Comment l'expliquez-vous ?
Je ne sais pas et c'est étonnant. Le gouvernement a décrété que la clause de force majeure pouvait s'appliquer sur différents sujets, comme les marchés publics. Pourtant, la Commission de régulation de l'énergie (CRE) a stipulé, fin mars, que nous n'étions pas dans ce cas d'application de la force majeure. Beaucoup de sociétés peuvent en outre bénéficier de décalages de charges, alors que les mesures sont extrêmement limitées pour notre secteur. C'est assez préoccupant de constater qu'il n'y a pas une prise de conscience que la partie fourniture d'énergie souffre.
Sur les contrats Arenh, le combat des fournisseurs alternatifs se poursuit pour obtenir leur suspension. Comptez-vous, comme d'autres fournisseurs, assigner EDF devant le tribunal de commerce ?
Ce n'est pas encore le cas, mais il y a des discussions en cours. Nous avions soutenu l'action de l'Anode et l'AFIEG (respectivement association nationale des opérateurs détaillants en énergie et association française indépendante de l'électricité et du gaz, ndlr), dont on est membre, auprès du Conseil d'Etat. Celui-ci n'a pas statué sur l'urgence mais a quand même invalidé la position de la CRE, en disant qu'elle n'étant pas compétente pour juger et que c'était du ressort du juge du tribunal de commerce ou du Conseil d'Etat. Des procédures suivent leur cours et nous attendons désormais la décision du juge.

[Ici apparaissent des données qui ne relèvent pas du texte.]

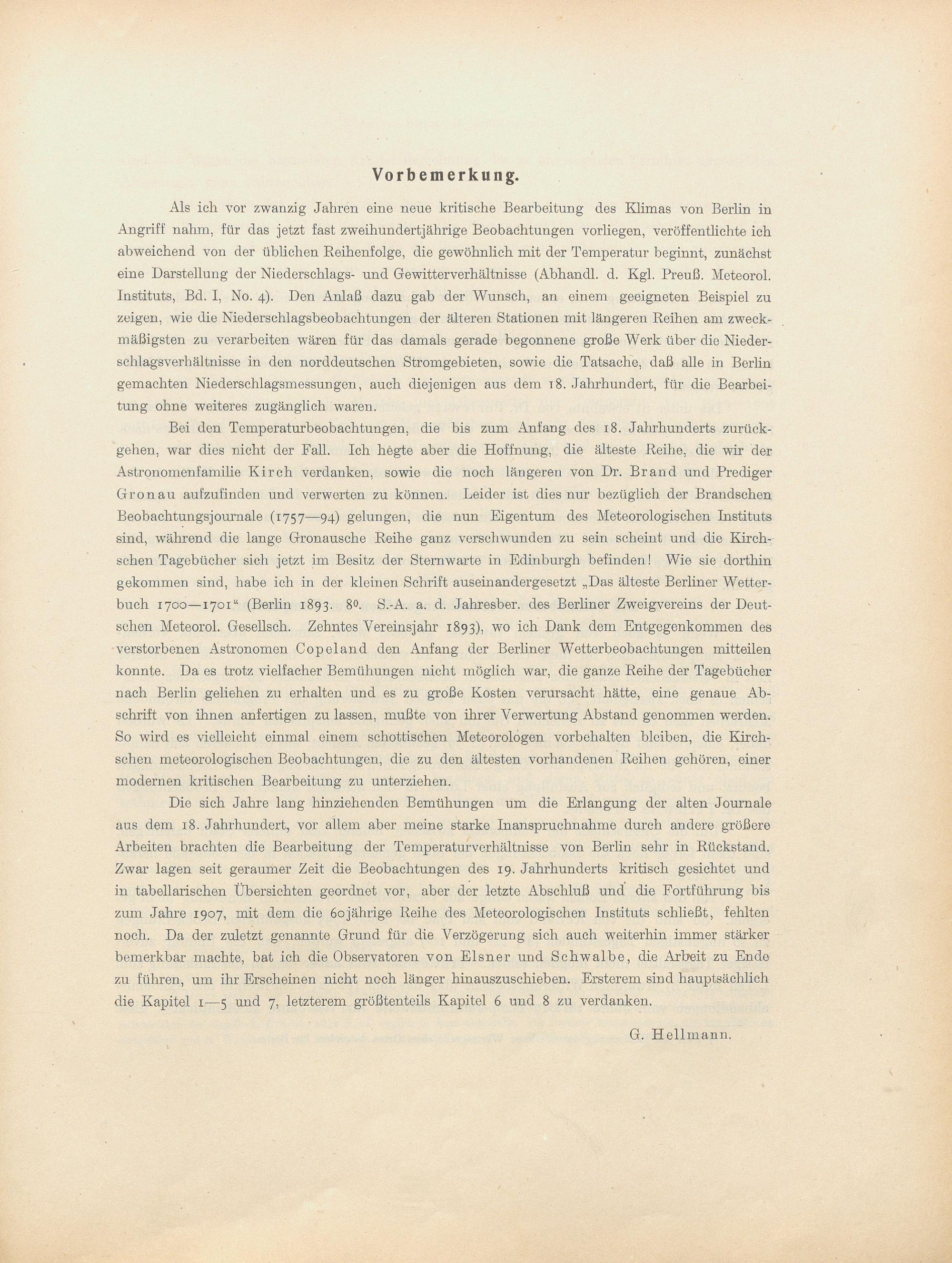 Das Klima von Berlin : Teil 2, Lufttemperatur / von G. Hellmann. Fortgeführt von G. v. Elsner und G. Schwalbe
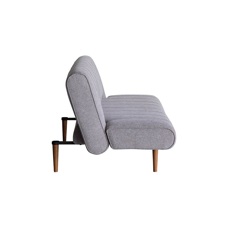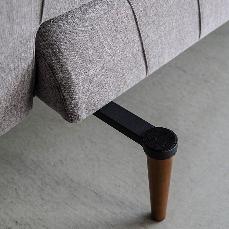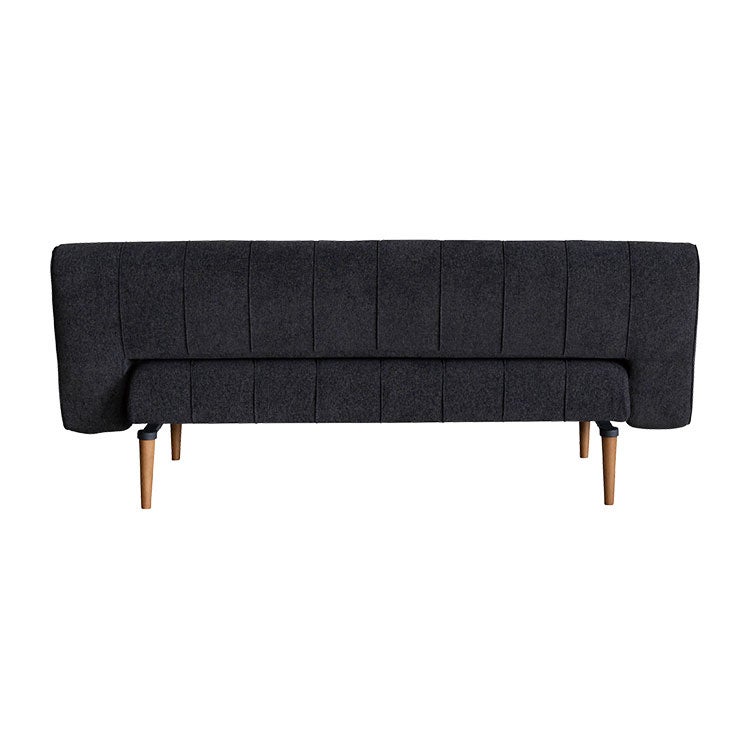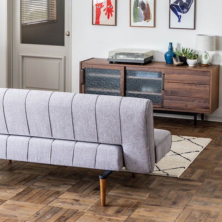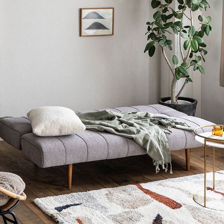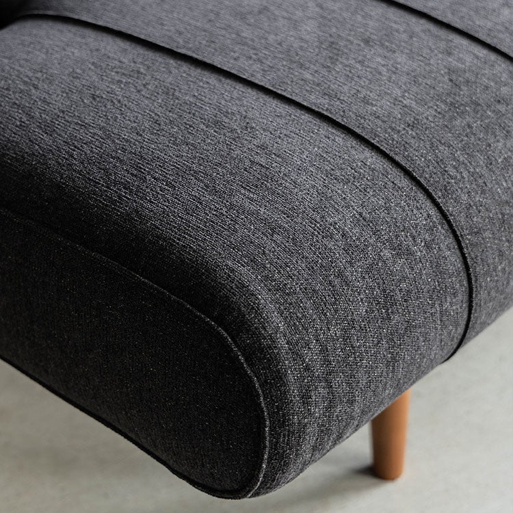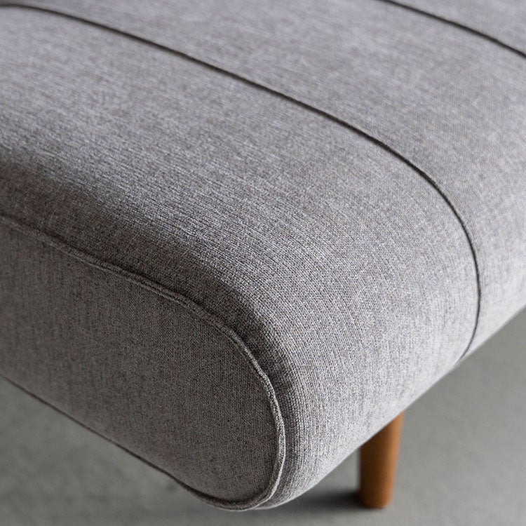 デザインはシンプルでありながら細部までこだわり、ファブリックのステッチやパイピングで程よいアクセントをプラス。ミドルブラウンの木脚がナチュラルな温もりを添え、モダン・北欧・ナチュラルなど、さまざまなインテリアスタイルと調和します。壁際に配置するのはもちろん、リビングとダイニングの間にレイアウトするのもおすすめ。肘のないすっきりとしたシルエットが空間を広く見せ、どんなレイアウトにもなじみます。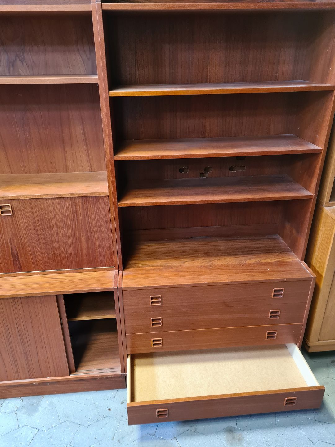 2 Reolsektioner i fineret teaktræ, fra 1960erne.

L'Arenh devrait être remplacé par un nouveau mécanisme. Certains de vos concurrents craignent que celui-ci soit plus favorable à EDF. Partagez-vous leurs inquiétudes ?
Dans les propositions qui ont été présentées et qui ont été soumises à consultation, un certain nombre de choses vont dans le bon sens. D'abord, le déplafonnement: quasiment 100% de la production nucléaire à disposition de l'ensemble des fournisseurs. Ensuite, EDF Commerce serait mis sur le même pied d'égalité que l'ensemble des fournisseurs alternatifs. D'autres éléments restent incertains, comme le corridor de prix. Il est nécessaire que celui-ci soit positionné autour du véritable coût de production et de maintien en fonctionnement du parc nucléaire historique. Et que l'épaisseur du corridor ne soit pas trop importante. Le calcul des coûts du nucléaire doit être réalisé par un organisme indépendant avec des méthodologies transparentes et qui ne soient pas contestables. Il ne faut pas que la marge reste dans la filière nucléaire car ce n'est pas son objectif. Son objectif est de produire de l'électricité à bas coût pour en faire profiter les consommateurs, et laisser de la marge pour l'innovation chez les fournisseurs.